My view, I am not a professional, just something to maybe consider and check out.

But yes, I strongly suggest you send that in, and try to get patent or whatever, so you make money off it, because the government sure as Hell wont give you any for a good idea. 
Good Thinkin'    ;D


----------



## Synthos (21 Dec 2005)

Yeah that's one flaw I thought of as well. What are the odds though that a tank would be shot in the same (or nearly the same) area twice?


----------



## MacKenzie1NSH (21 Dec 2005)

that would be hard to guess, I would rather know my armour will stand up to it, insted of hopeing  not to get hit in the same spot for fear of malfunctions with it. But, if anything, someone else could probly help you fix that problem if you try to patten it... You never know... Good Luck


----------



## Synthos (21 Dec 2005)

Yeah, the only problem with patents is that I'm under the impression it takes a couple thousand dollars to patent.. Money that I can't afford to spend.


----------



## MacKenzie1NSH (21 Dec 2005)

well then spred the word and try to get some company or someone to flip majority of the bill, that would really show you what peope think of it, if they think it would work they would invest in it, if not, dunno what to tell you


----------



## Koenigsegg (21 Dec 2005)

Yeah, some companies out there, if they see potential in your work, will drop you a line.
If you do send into the government, and they see that a company has looked over your proposal and helped finacially, they would probably take a much more serious look at it.  This would give you better chance of possibly making history man!
(pretty much already been touched upon)

This comment brought to you by someone using sense, and basic knowledge, not someone who is trained in any way.


----------



## MacKenzie1NSH (21 Dec 2005)

Koenigsegg said:
			
		

> This comment brought to you by someone using sense, and basic knowledge, not someone who is trained in any way.
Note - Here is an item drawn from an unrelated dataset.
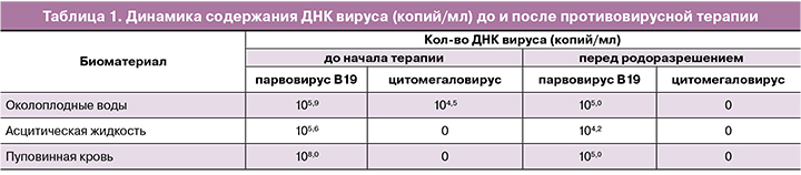 Дозу иммуноглобулина рассчитывали, исходя из массы тела – 1,0 мл на кг массы тела плода. В пуповинной крови обнаружена ДНК парвовируса В19 108 копий/мл, ДНК цитомегаловируса не обнаружена (табл. 1).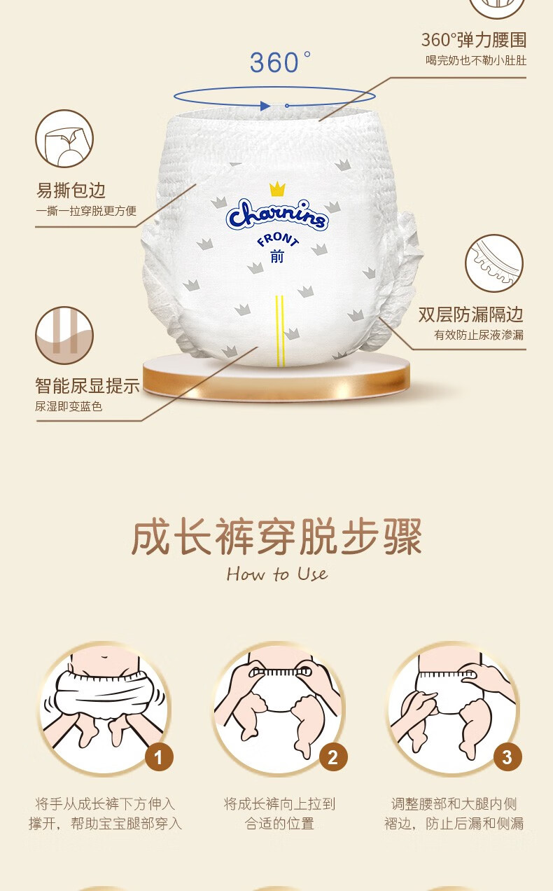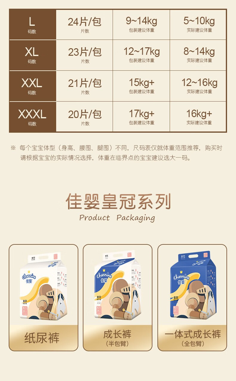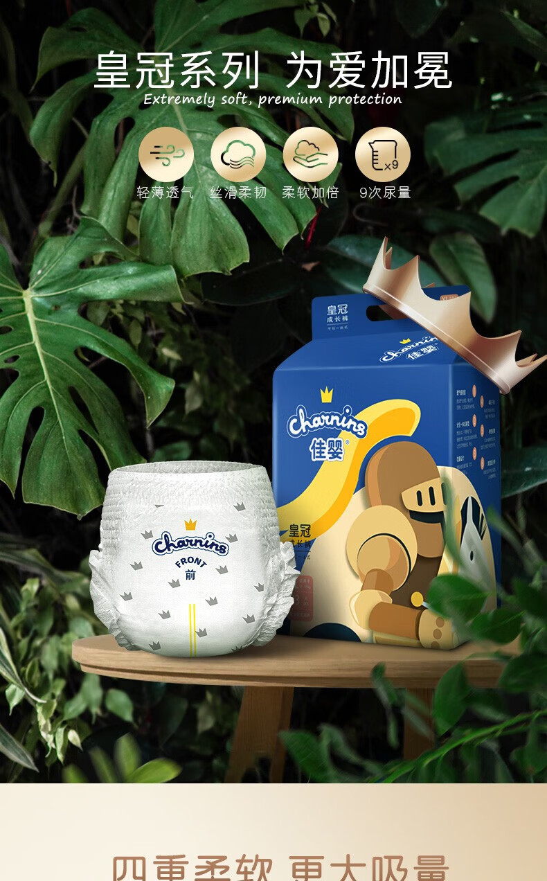 佳婴皇冠系列拉拉裤薄柔软成长裤舒适一体裤全包臀婴儿干爽学步裤 XXXXL码57片全包臀拉拉裤

ha ha, that is wicked, but seriously Synthos, you find a company. and you will find your paten


----------



## TangoTwoBravo (21 Dec 2005)

Are you hoping that the incoming round will "bounce" or deflect along your foil plating system to the reinforced focal point?  What kind of angle is required to achieve this?  The shot may well just tear through the "foil" and carry on its merry way.


----------